## Assigned task
Could you write out, exactly as they stand, only the lines in the listing below from the line with "移动5g新通话 微信立减金+支付宝红包" to the line with "根据东风汽车的官方介绍,御风", both ends included, without the pictures?
[Records to process Boundary: Start]
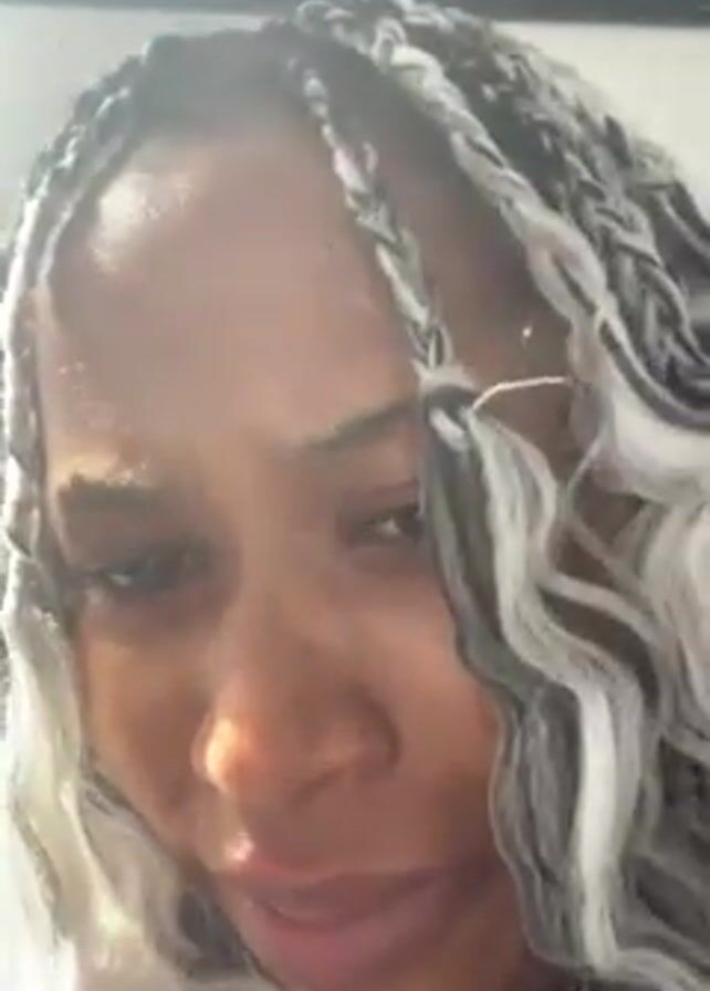 A medium close-up shot shows a woman’s face. She is centered in the frame and looks down. She is light-skinned with brown eyes. She has black and silver braids that frame her face. She wears a gray jacket and gold necklace. The background is blurred.
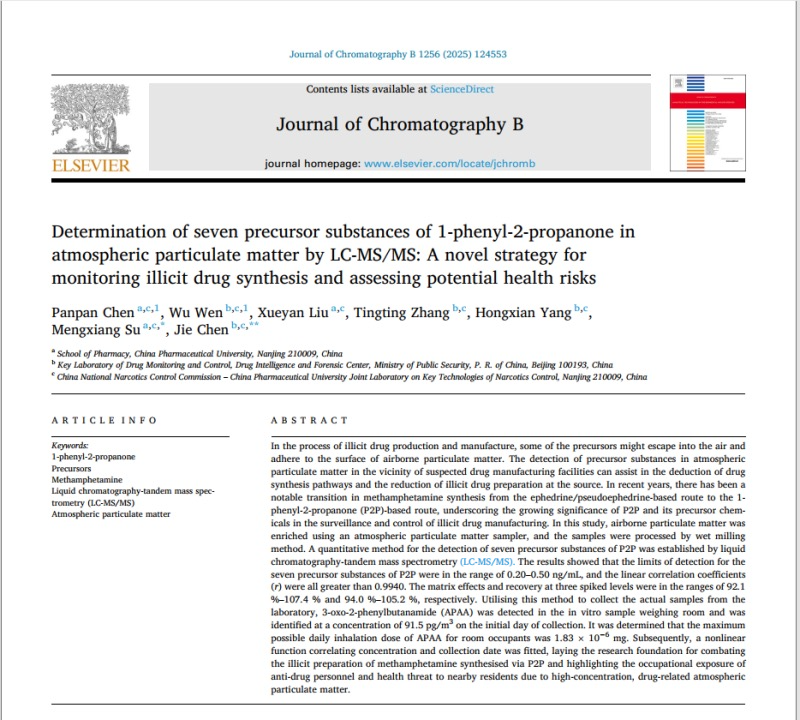 該國家級毒品實驗室基于液相色譜-三重四級桿質譜聯用儀進行科學研究,在《Journal of Chromatography B》發表論文。
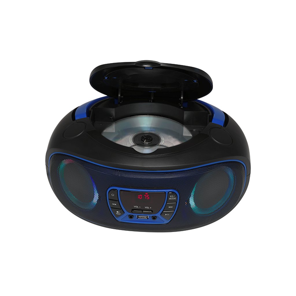 Denver TCL-212BT je moderní přenosný Bluetooth boombox kombinující klasický CD přehrávač s pokročilými funkcemi digitálního FM rádia a možností přehrávání hudby z různých zdrojů. Tento multifunkční hudební systém nabízí nejen kvalitní zvuk, ale také atraktivní LED osvětlení kolem reproduktorů, které vytvoří skvělou atmosféru při poslechu vaší oblíbené hudby. Díky kompaktním rozměrům a možnosti napájení jak ze sítě, tak z baterií, je ideálním společníkem na cesty, na zahradní párty nebo do dětského pokoje.
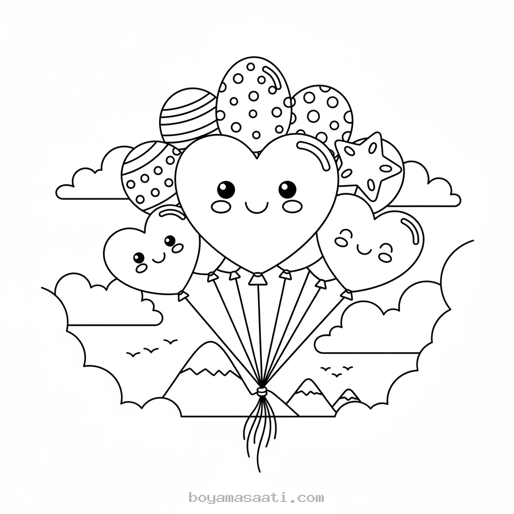 Sevimli Kalpler Balonlarla Boyama Sayfası
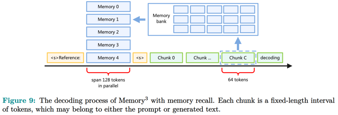 推理过程如图 9 所示,每当 LLM 生成 64 个 token 时,它就会丢弃当前记忆,使用这 64 个 token 作为查询文本来检索 5 个新记忆,并继续使用这些记忆进行解码。同样,在处理提示时,LLM 会为每 64 个 token 块检索 5 个记忆。每个块都会关注自己的记忆,并且不同块之间的记忆可能会有所不同。
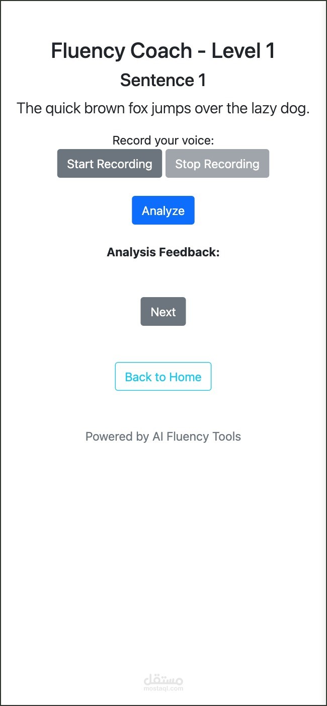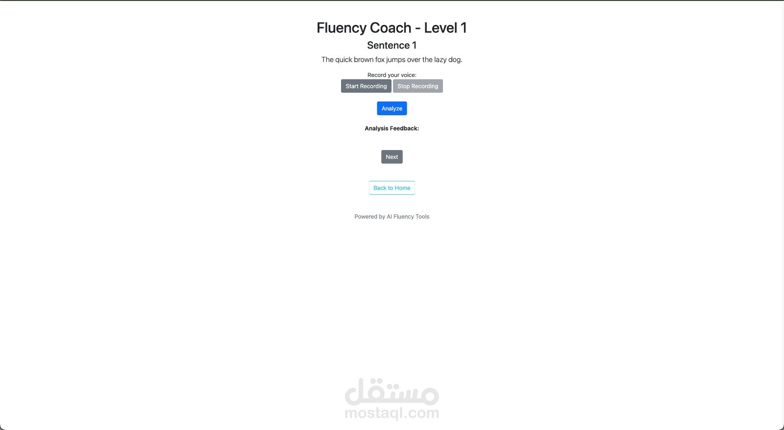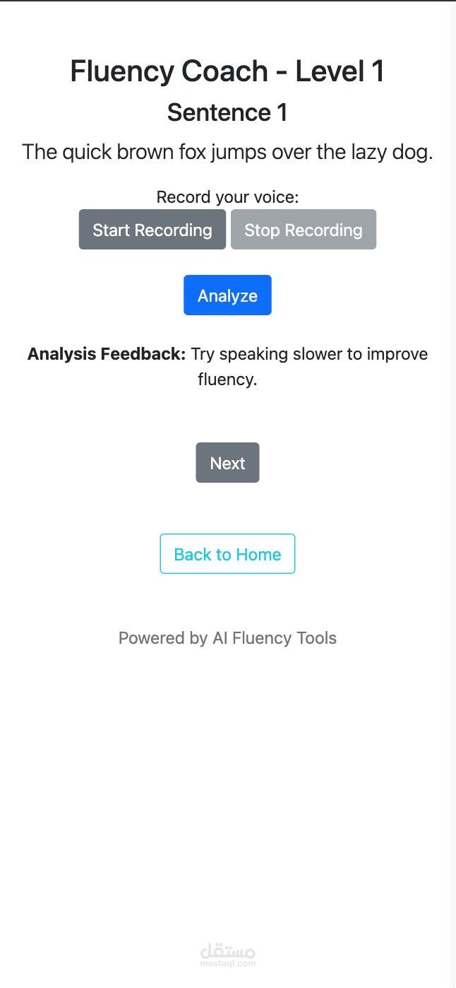 المشروع ده عبارة عن تطبيق ويب تفاعلي يساعد المستخدمين على تحسين طلاقتهم في الكلام، تقليل التلعثم، وتحسين النطق باستخدام أدوات تحليل صوت متقدمة
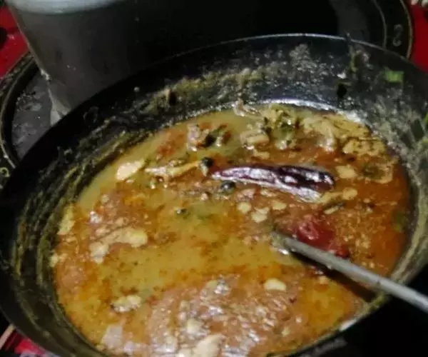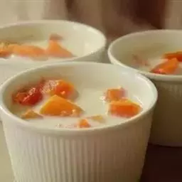 3、 烧热油半汤匙,爆香姜片、虾米,加入水烧滚,放入腐竹滚20分钟,加入海鲜,候再滚,即下芫荽,以少许盐调味便成。
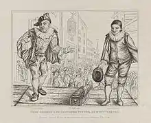 An oil caricature of Sterne by Thomas Bridges, painted as a double portrait with a caricature of Bridges by Sterne, was owned by Atkinson. It is known that Sterne in his part of the composite work followed closely an engraving The Infallible Mountebank, or Quack Doctor, an old broadside satirising Hans Buling, after Marcellus Laroon.[6][7] In 1761, before travelling to France, Sterne left behind details of the "lady" who was then owner of the oil portrait, with Elizabeth Montagu.[8]
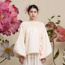 A shirred blouse with gathered detailing and wide sleeves, creating a soft, voluminous form. Light and whimsical, it brings a poetic rhythm to everyday dressing.
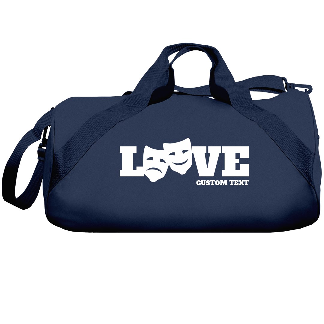 Customize this drama and theatre love duffel bag with your own text. Personalize it with your school, team, or name of your choice.
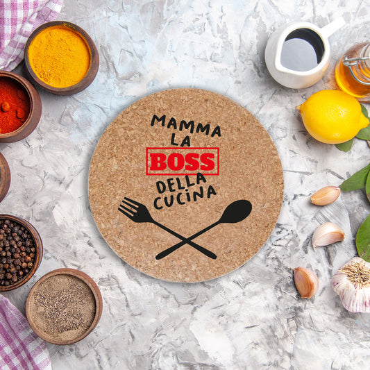 Mamma la boss della cucina - Set da 3 pezzi Sottopentola in sughero naturale 19cm
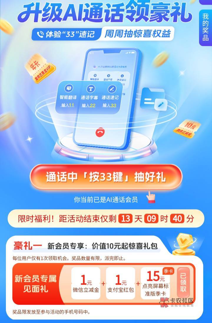 移动5g新通话 微信立减金+支付宝红包
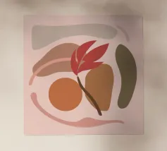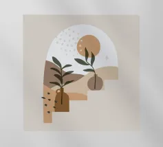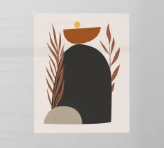 Quest'opera d'arte presenta una miscela di forme astratte in toni caldi, incorporando forme e texture naturali. Evoca un senso di calma e creatività, perfetto per gli spazi contemporanei.
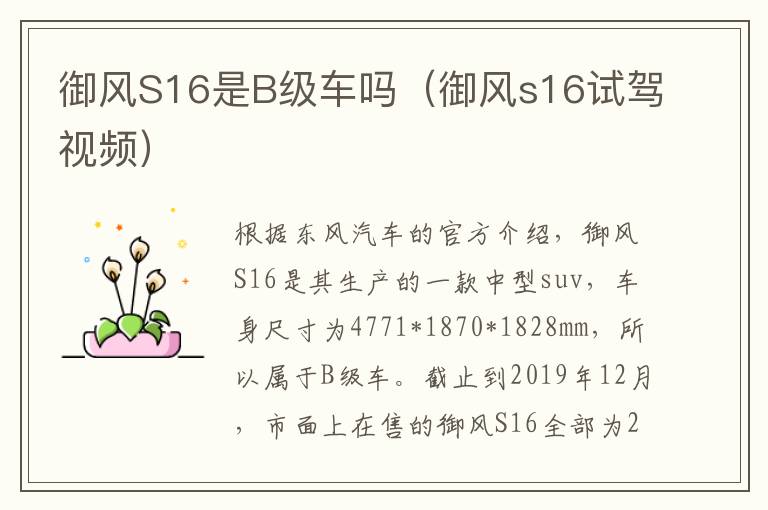 根据东风汽车的官方介绍,御风S16是其生产的一款中型suv,车身尺寸为4771*1870*1828mm,所以属于B级车。截止到2019年12月,市面上在售的御风S16全部为2017款,售价区间为11.78万元-28.98万元。
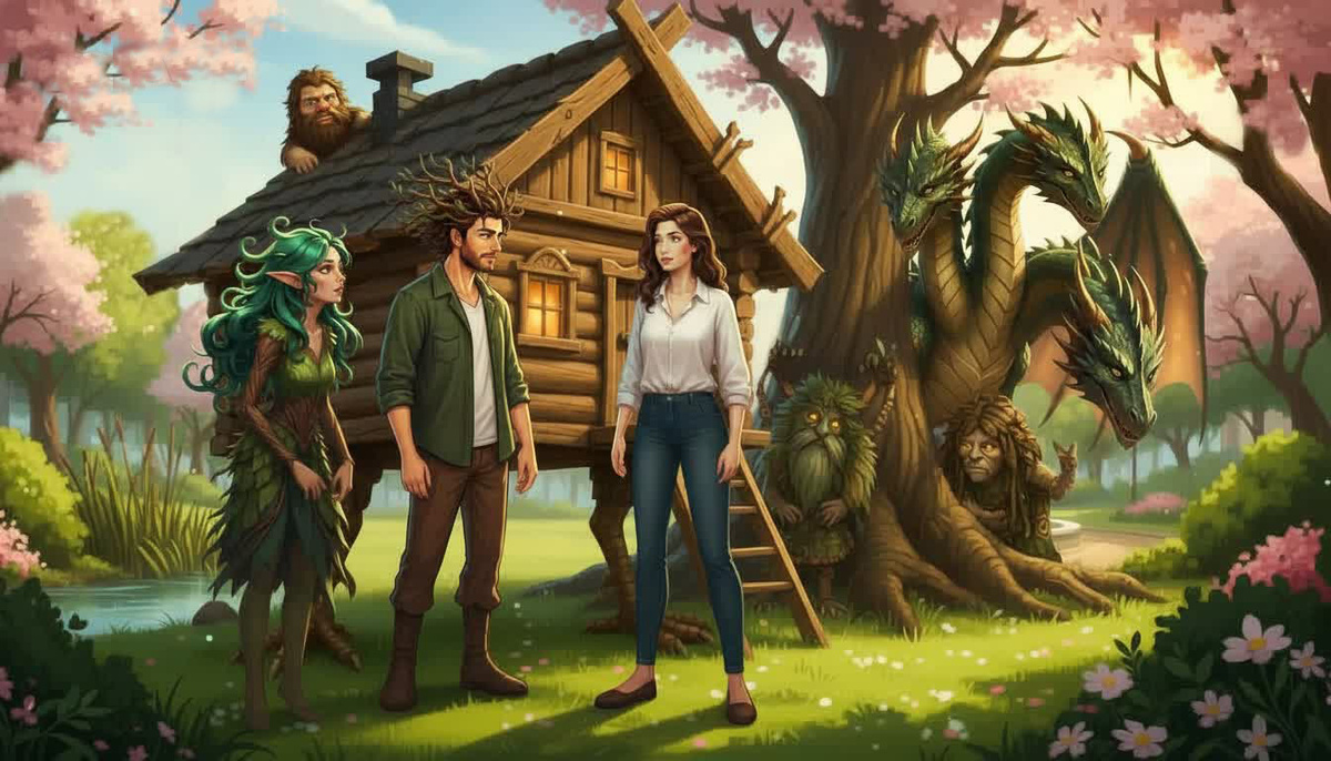 Варя посмотрела на эту разношёрстную компанию: Горыныч, который пытался заставить все три головы лаять одновременно (правая так и спала, но всхрапывала в такт), Зинаида, репетирующая роль курьерши с коробкой, полной тины, и леший с папкой из берёсты.
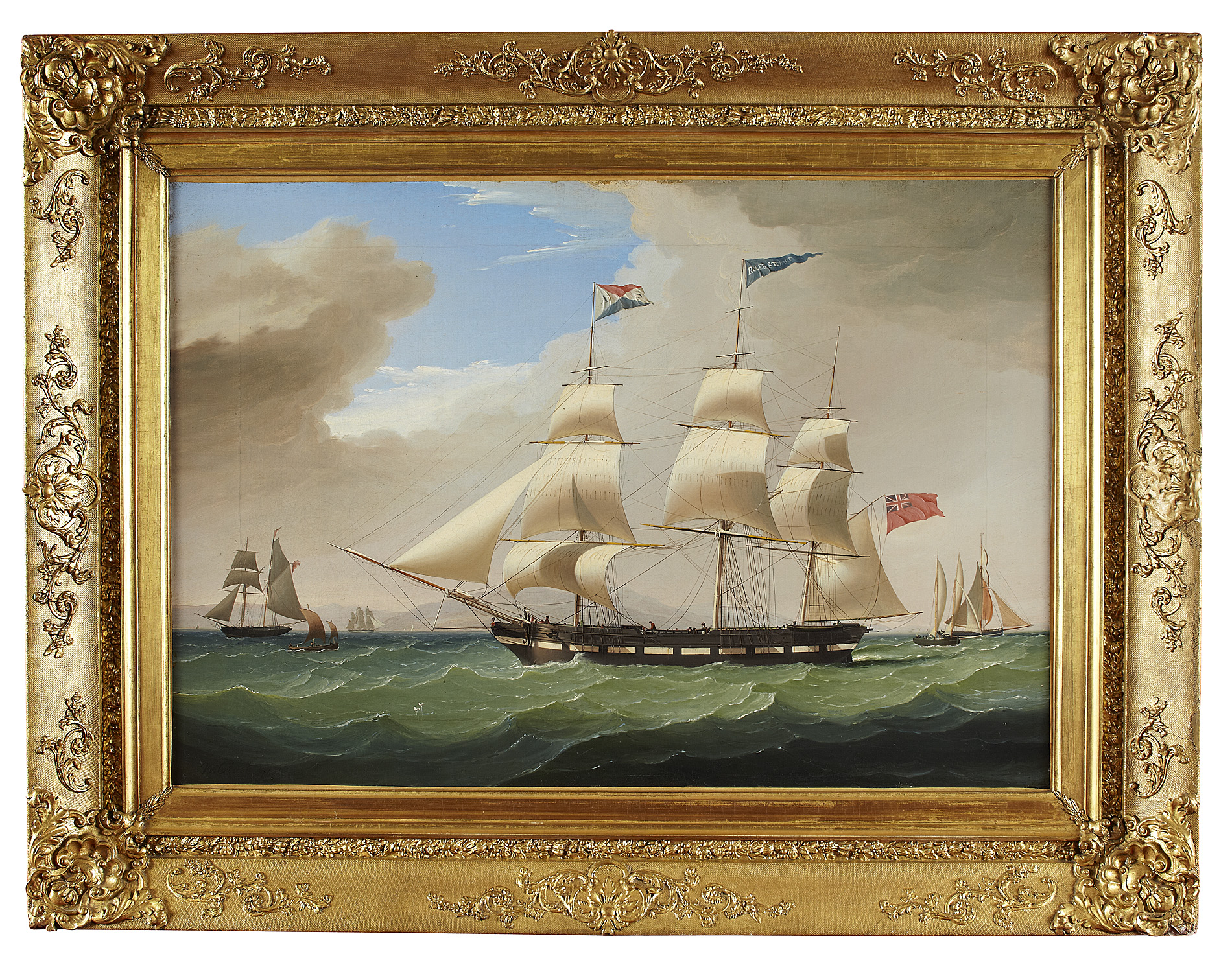 Note: It is believed that this painting depicts the passenger ship 'Roger Stewart'. Records indicate that it was built in Greenock in 1812. Between 1832-1836 under Captain Robert Kerr, the 'Roger Stewart' ferried emigrants from Scotland to Savannah, Quebec, Charleston and New York.
[Records to process Boundary: End]
## Result
 移动5g新通话 微信立减金+支付宝红包
 Quest'opera d'arte presenta una miscela di forme astratte in toni caldi, incorporando forme e texture naturali. Evoca un senso di calma e creatività, perfetto per gli spazi contemporanei.
 根据东风汽车的官方介绍,御风S16是其生产的一款中型suv,车身尺寸为4771*1870*1828mm,所以属于B级车。截止到2019年12月,市面上在售的御风S16全部为2017款,售价区间为11.78万元-28.98万元。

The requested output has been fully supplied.